[m-dev.] io.read_named_file_as_*

Fri Apr 7 18:05:35 AEST 2023

On Fri, 07 Apr 2023 10:44:36 +1000 "Zoltan Somogyi" <zoltan.somogyi at runbox.com> wrote:
> I am changing analysis.file.m to handle errors by returning error_specs
> instead of throwing exceptions, and in the process found it
> convenient to also change it from reading in one term at a time
> to reading in the whole file at once, and parsing each term
> without I/O. (There is no point in writing code to handle errors
> arising from the reading of a term if we can just eliminate
> that source of possible errors.)

As you like, but my conclusion about the analysis work is that it's the
wrong approach. If someone wanted to continue with it, I suggest
thinking about using a database instead of reading/writing files
containing Mercury terms.

> 
> The relevant documentation warns about the parser
> that operates on the whole file as a string not being expected
> to do the right thing given a malformed UTF-{8,16} string.

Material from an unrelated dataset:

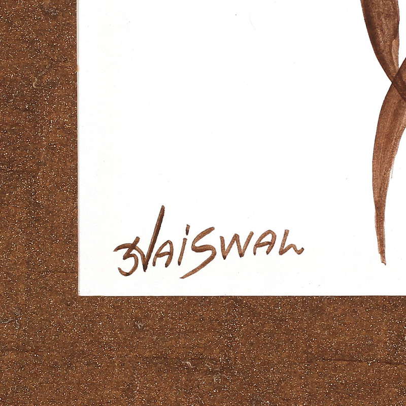 Grace and nature merge in this expressionist composition, expressing beauty through dance. India's Sunil Jaiswal uses a brown palette to portray a refined dancer holding a little bird as a symbol of grace. Acrylic and watercolor combine in each detail, allowing the piece to exude passionate sensations.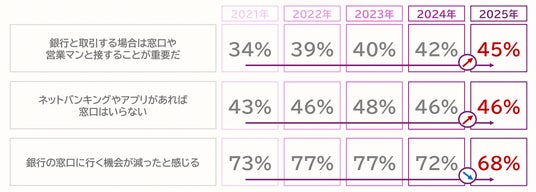 一方で、「ネットバンキングやアプリがあれば窓口はいらない」という意識は3ポイント増加し、「銀行の窓口に行く機会が減ったと感じる」という意識も2021年より5ポイント減少しました。これらの結果から、窓口の重要性は2021年より全体で上昇傾向にあり、銀行窓口が必要と考える人と不要と考える人がほぼ半々となっています。現在はまさにデジタルバンク化への過渡期であると考えられます。

I don't think I can find the warning you are referring to.

The parser should be able to report a malformed code unit sequence as a
syntax error. Currently, each code unit in a malformed sequence will be
silently treated as the Unicode replacement character; we can change
that. If a malformed sequence occurs within a comment, I think it's
preferable to ignore it instead of reporting an error.

If we do those things, there is no need to call is_well_formed.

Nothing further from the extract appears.